An administrative act requiring notification to the other party is effective only when it is objectively viewed and given to the other party under the condition that the other party can use both sides. The arrival as an effective requirement of an administrative disposition is not necessary to the other party in reality and it is sufficient that the other party can use both sides (see, e.g., Supreme Court Decision 88Nu940, Jan. 31, 1989). In addition, according to Article 8(1) of the Framework Act on National Taxes (amended by Act No. 6782, Dec. 18, 2012), the document under the tax law provides that the document shall be served on the domicile, residence, place of business or office of the nominal party.
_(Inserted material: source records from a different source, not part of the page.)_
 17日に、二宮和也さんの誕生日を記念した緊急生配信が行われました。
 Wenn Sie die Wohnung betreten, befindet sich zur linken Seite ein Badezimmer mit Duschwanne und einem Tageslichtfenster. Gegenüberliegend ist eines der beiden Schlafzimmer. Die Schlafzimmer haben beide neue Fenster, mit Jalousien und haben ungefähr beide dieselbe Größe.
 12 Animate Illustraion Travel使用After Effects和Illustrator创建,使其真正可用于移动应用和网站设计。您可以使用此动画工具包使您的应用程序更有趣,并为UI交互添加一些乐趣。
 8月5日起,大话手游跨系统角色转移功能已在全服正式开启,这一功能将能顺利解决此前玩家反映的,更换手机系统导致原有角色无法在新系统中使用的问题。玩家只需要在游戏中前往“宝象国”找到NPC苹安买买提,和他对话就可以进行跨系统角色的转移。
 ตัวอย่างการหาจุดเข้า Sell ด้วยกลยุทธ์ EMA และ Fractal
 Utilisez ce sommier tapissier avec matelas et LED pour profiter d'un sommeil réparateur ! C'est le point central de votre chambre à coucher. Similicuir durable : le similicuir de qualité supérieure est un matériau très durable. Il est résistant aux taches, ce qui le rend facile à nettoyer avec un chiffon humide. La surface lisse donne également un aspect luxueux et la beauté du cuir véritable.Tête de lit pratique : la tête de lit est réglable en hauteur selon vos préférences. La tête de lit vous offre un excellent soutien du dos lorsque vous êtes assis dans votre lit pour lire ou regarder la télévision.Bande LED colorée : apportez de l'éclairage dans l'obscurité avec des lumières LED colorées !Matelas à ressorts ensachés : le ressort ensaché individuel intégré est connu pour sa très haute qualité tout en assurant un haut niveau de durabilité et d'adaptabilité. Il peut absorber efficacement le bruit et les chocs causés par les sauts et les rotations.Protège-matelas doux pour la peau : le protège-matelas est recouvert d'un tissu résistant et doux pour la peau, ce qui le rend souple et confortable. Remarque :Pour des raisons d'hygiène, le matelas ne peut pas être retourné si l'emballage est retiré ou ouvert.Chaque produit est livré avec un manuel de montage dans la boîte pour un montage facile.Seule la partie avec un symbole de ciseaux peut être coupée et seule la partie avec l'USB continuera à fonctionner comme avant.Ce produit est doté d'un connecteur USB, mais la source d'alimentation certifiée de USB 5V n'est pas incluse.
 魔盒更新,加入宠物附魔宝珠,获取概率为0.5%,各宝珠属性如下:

Here, the address refers to a place that serves as a basis for life in principle, but it includes the temporary domicile under Article 21 of the Civil Act or the registered domicile of the other party according to his/her intention, barring any special circumstances, such as the delivery of the registered mail to the addressee at the time of delivery (see, e.g., Supreme Court Decision 198Du168.).
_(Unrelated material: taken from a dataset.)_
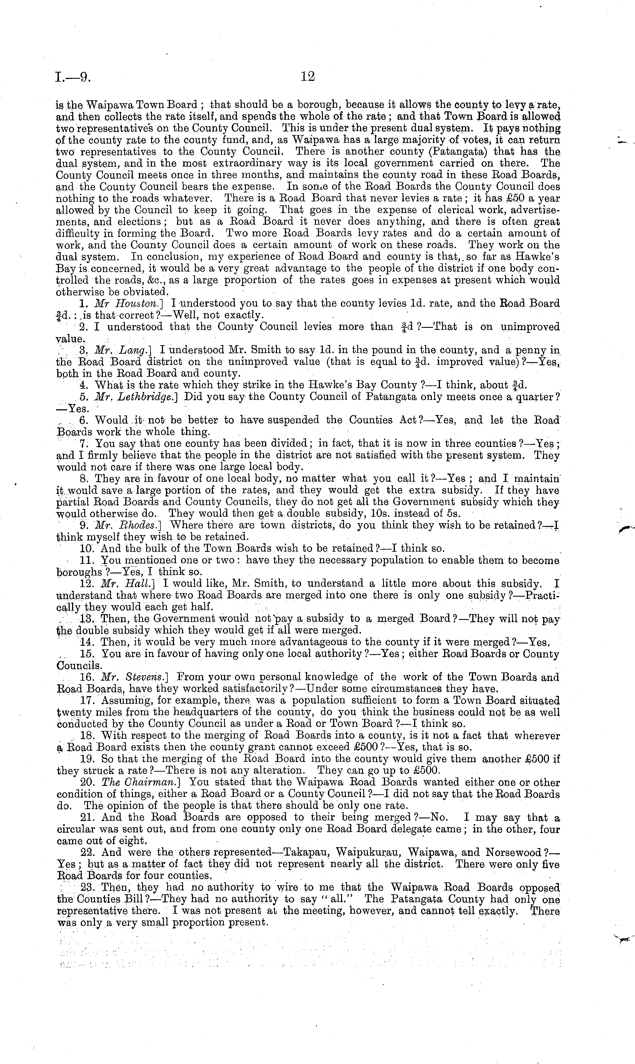 is the Waipawa Town Board ; that should be a borough, because it allows the county to levy a rate, and then collects the rate itself, and spends the whole of the rate ; and that Town Board is allowed two representatives on the County Council. This is under the present dual system. It pays nothing of the county rate to the county fund, and, as Waipawa has a large majority of votes, it can return two representatives to the County Council. There is another county (Patangata) that has the dual system, and in the most extraordinary way is its local government carried on there. The County Council meets once in three months, and maintains the county road in these Boad Boards, and the County Council bears the expense. In some of the Boad Boards the County Council does nothing to the roads whatever. There is a Boad Board that never levies a rate ; it has £50 a year allowed by the Council to keep it going. That goes in the expense of clerical work, advertisements, and elections ; but as a Boad Board it never does anything, and there is often great difficulty in forming the Board. Two more Boad Boards levy rates and do a certain amount of work, and the County Council does a certain amount of work on these roads. They work on the dual system. In conclusion, my experience of Boad Board and county is that,, so far as Hawke's Bay is concerned, it would be a very great advantage to the people of the district if one body controlled the roads, &c, as a large proportion of the rates goes in expenses at present which would otherwise be obviated. 1. Mr Houston.] I understood you to say that the county levies Id. rate, and the Boad Board fd. : is that correct? —Well, not exactly. 2. I understood that the County Council levies more than fd ? —That is on unimproved value. 3. Mr. Lang.] I understood Mr. Smith to say Id. in the pound in the county, and a penny in the Boad Board district on the unimproved value (that is equal to fd. improved value) ? —Yes, both in the Boad Board and county. 4. What is the rate which they strike in the Hawke's Bay County ?—I think, about fd. 5. Mr. Lethbridge.] Did you say the County Council of Patangata only meets once a quarter? —Yes. _ .. 6. Would it-not be better to have suspended the Counties Act?— Yes, and let the Boad Boards work the whole thing. 7. You say that one county has been divided; in fact, that it is now in three counties ?—Yes ; and I firmly believe that the people in the district are not satisfied with the present system. They would not care if there was one large local body. 8. They are in favour of one local body, no matter what you call it ?—Yes ; and I maintain' it. would save a large portion of the rates, and they would get the extra subsidy. If they have partial Boad Boards and County Councils, they do not get all the Government subsidy which they would otherwise do. They would then get a double subsidy, 10s. instead of ss. 9. Mr. Rhodes.] Where there are town districts, do you think they wish to be retained think myself they wish to be retained. 10". And the bulk of the Town Boards wish to be retained ? —I think so. 11. You mentioned one or two: have they the necessary population to enable them to become boroughs ?—Yes, I think so. 12. Mr. Hall.] I would like, Mr. Smith, to understand a little more about this subsidy. I understand that where two Boad Boards are merged into one there is only one subsidy ?—Practically they would each get half. .; . 13. Then, the Government would not "pay a subsidy to a merged Board?— They will not pay the double subsidy which they would get if all were merged. 14. Then, it would be very much more advantageous to the county if it were merged?— Yes, 15. You are in favour of having only one local authority ?—Yes ; either Boad Boards or County Councils. 16. Mr. Stevens.] From your own personal knowledge of the work of the Town Boards and Boad Boards, have they worked satisfactorily ?—Under some circumstances they have. 17. Assuming, for example, there was a population sufficient to form a Town Board situated twenty miles from the headquarters of the county, do you think the business could not be as well conducted by the County Council as under a Boad or Town Board ?—I think so. 18. With respect to the merging of Boad Boards into a county, is it not a fact that wherever a Boad Board exists then the county grant cannot exceed £500 ?—Yes, that is so. 19. So that the merging of the Boad Board into the county would give them another £500 if they struck a rate ? —There is not any alteration. They can go up to £500. 20. The Chairman.] You stated that the Waipawa Boad Boards wanted either one or other condition of things, either a Boad Board or a County Council ? —I did not say that the Boad Boards do. The opinion of the people is that there should be only one rate. 21. And the Boad Boards are opposed to their being merged ?—No. I may say that a circular was sent out, and from one county only one Boad Board delegate came; in the other, four came out of eight. 22. And were the others represented—Takapau, Waipukurau, Waipawa, and Norsewood ?— Yes ; but as a matter of fact they did not represent nearly all the district. There were only five Boad Boards for four counties. 23. Then, they had no authority to wire to me that the Waipawa Boad Boards opposed the Counties Bill ?—They had no authority to say "all." The Patangata County had only one representative there. I was not present at the meeting, however, and cannot tell exactly. There was only a very small proportion present.

Based on the above legal principles, it is reasonable to view that the first tax notice was sent around March 2001 and was legitimately delivered to the Plaintiff around that time, comprehensively taking account of the following circumstances acknowledged by comprehensively taking account of the respective descriptions of evidence Nos. 1, 7, and 8 and the purport of the entire pleadings as to the instant case.

① On March 2, 1998, the Plaintiff filed a move-in report on each resident registration with JG H-dong 5-51, JJJ-dong 442-15, on September 15, 1998, and DD 376-8, on November 15, 2000. On June 26, 200, the Plaintiff filed a move-in report with LL-dong 767-1, on November 26, 2003.
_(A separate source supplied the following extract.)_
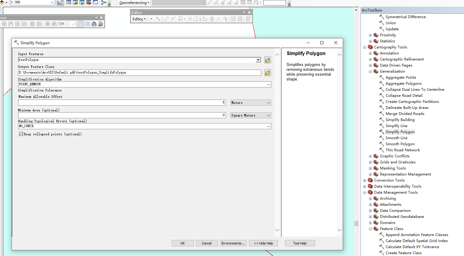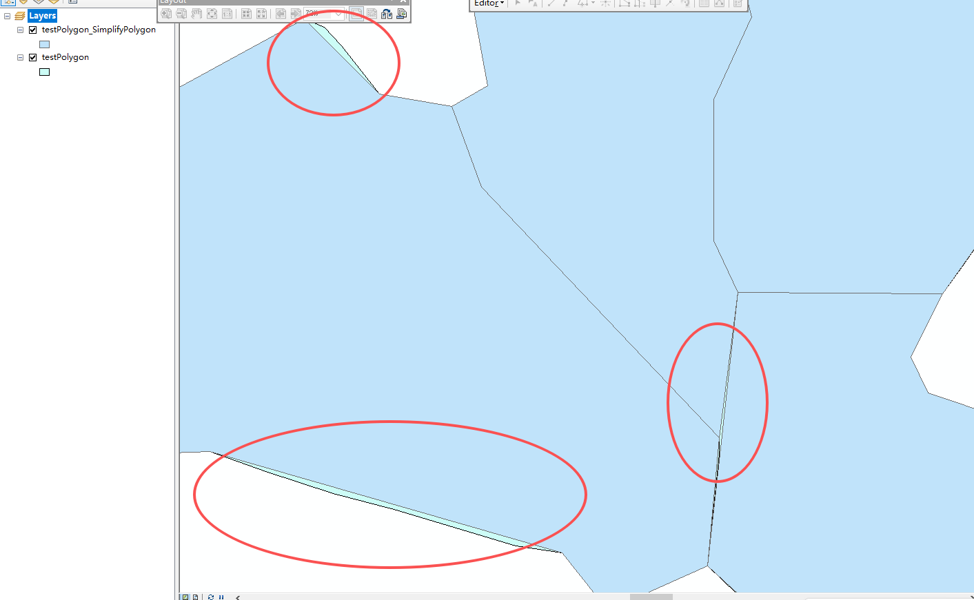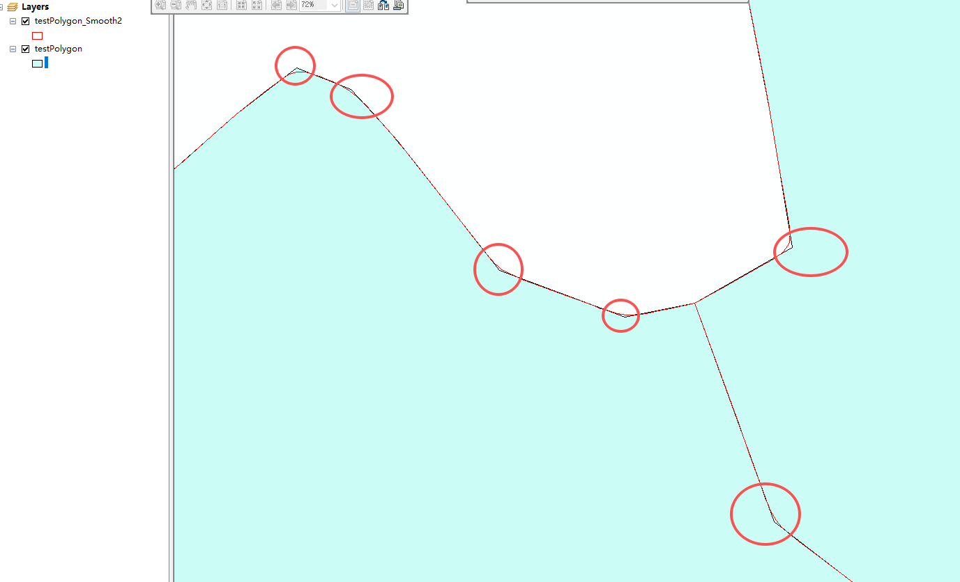 二、开始:直接使用arcmap的面平滑工具。平滑后的面与面交接处出现裂缝,边线条也比较粗糙。结果如下
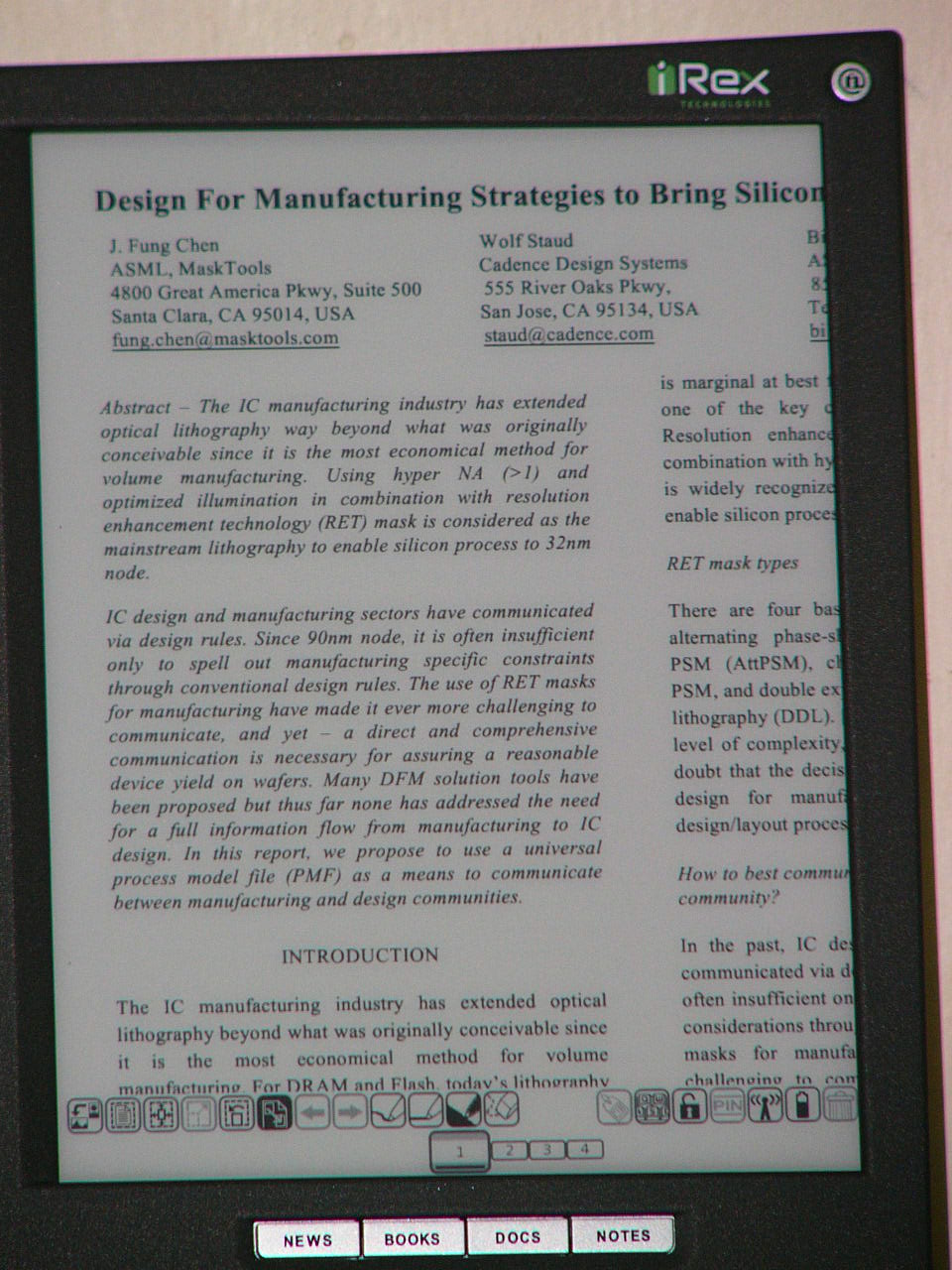I did not really remember feeling so excited when I previously got my PRS500. On the contrary, after playing it around for a while, I already have this sinking feeling that it is not going to work well for my pdf files, especially the 2 column technical papers. I was right. It is sufficient for light pure text reading but not for reading pdf books. Even RasterFarian did not managed to solve the issue. It is good but the conversion takes time and to convert all my pdf books to lrf format would take an enormous amount of time. Cutting the 2 column format to multiple pages is not going to work, what we simply need is panning...Iliad solved the problem beautifully, way beyond my expectation. Pdf loading is fast in my opinion. Here are some numbers: === Statistics for firmware ver2.11 === Startup time : 51 seconds Loading time for 29Mb text+some pictures pdf file : 22 seconds Loading time for 35Mb graphic intensive pdf file : 18 seconds Both files were loaded from a 1Gb SD card. What I like about the Iliad: a. Good zooming (see the pictures) b. Fast load time even for huge files c. Since it is pdf, fonts can be embedded and so Asian languages are not a problem (see pictures) d. Able to do panning using stylus e. Nice design with the flipbar f. The notetaking feature is awesome! g. Big 8" screen h. I do not even need to spend time resizing my A4 size pdf files. The pdf files in the pictures shown are all of A4 size. The only thing the prevents the Iliad from becoming the perfect device is the lack of an official browser. Although Dillo can be installed in just 3 simple steps, it does not display the webpages well (as can be seen in the pictures). Also, yahoo mail and gmail does not work with Dillo. The installation steps in the wiki is slightly outdated. It can be easily installed as follows: Step1: Get the developer's package Step2: Download the file dillo-0.8.6_iliad-0.7.zip (created Apr 2007) & connection-scripts-1.0.zip (created Mar 2007). Then unpack it on your harddisk. Directories "dillo" and "connection-scripts-1.0" will appear. Step3: Copy the 2 directories to your MMC/SD/CF card. Installation is now complete. How to use: Access your MMC/SD/CF card from the device manager. First click on the contentlister entry "connection-scripts-1.0" for starting LAN or WLAN. Then click on the contentlister entry "Dillo Web Browser" for starting dillo. Notice that I did not say the directories can be copied to the main Iliad memory. For some reason, it always gives write error. Have not figure that out yet. The Dillo display problem can of course be easily resolved by switching to the Minimo browser. (Hey Adam, where's our nice package? )Some info for the still undecided: 1. When reading, wifi and touchpad functions are used together, the Iliad can still manage to last for at least 5 full hrs. 2. It has an onboard memory of about 128Mb. So an external card is not absolutely necessary. 3. It can be recognized as a usb device. Simply plug it into linux or windows. Hope that the above info will be of help in giving that final push to buy it. The Iliad is definitely worth every cent of its price. When doing the purchase, there is a point to note though. It does not come with a protective jacket so it might be good to get a jacket together with the Iliad.Best regards Quek |

② On March 2001, the Defendant appears to have sent each of the instant tax payment notices to the Plaintiff as the place where the Plaintiff’s domicile was served to the place where the Plaintiff’s domicile was served by registered mail, and there was no confirmation to deem that the return or other impossible delivery was later processed

③ Although the Plaintiff resided in Gangwon-do, which is not the place of resident registration, the Plaintiff is not specifically identified in the place where the Plaintiff actually resided, and the Plaintiff’s certificate of deposits without passbook or detailed statement of deposit transactions, etc. submitted by the Plaintiff cannot be sufficient data to verify the

④ As alleged by the Plaintiff, if the Plaintiff resided in Gangwon-do since the mid-1990s, it would be easy for the Plaintiff to move his/her registered domicile to Seoul orCC from the date of 1998 to 2003, apart from his/her family members.

⑤ Since the number of real estate owned by the Plaintiff was put up for auction at a similar time, it seems that the Plaintiff could have anticipated that taxes will be imposed upon changes in ownership of real estate.

2) Whether a notice of tax payment was served

Article 11(1) of the former Framework Act on National Taxes (amended by Act No. 11604, Jan. 1, 2013) provides for cases where an address or a place of business is located overseas and it is impracticable to serve documents under tax law, such as a tax notice, by public notice (Article 11(1)), or where the address or place of business is not clearly identified (Article 11(1)2).

According to the purport of the written evidence No. 1, No. 1, and No. 1 and all pleadings, the second tax notice was sent to the Plaintiff on January 3, 201, but was returned on the ground that the address was unknown on January 10, 2011, and the Defendant returned on the same ground and served on January 13, 201 and January 18, 201 thereafter, and the second tax notice was sent by public notice. Thus, the Defendant’s second tax notice by public notice is lawful, and therefore, it is reasonable to deem that the second tax notice by public notice by public notice was effective at the expiration of 14 days after January 20, 201.

3) Sub-determination

Therefore, since each tax notice of this case is judged to have been lawfully served on the Plaintiff, the Plaintiff’s assertion that each tax notice of this case was not served on the Plaintiff is groundless.

3. Conclusion

Thus, the plaintiff's claim of this case is dismissed as it is without merit.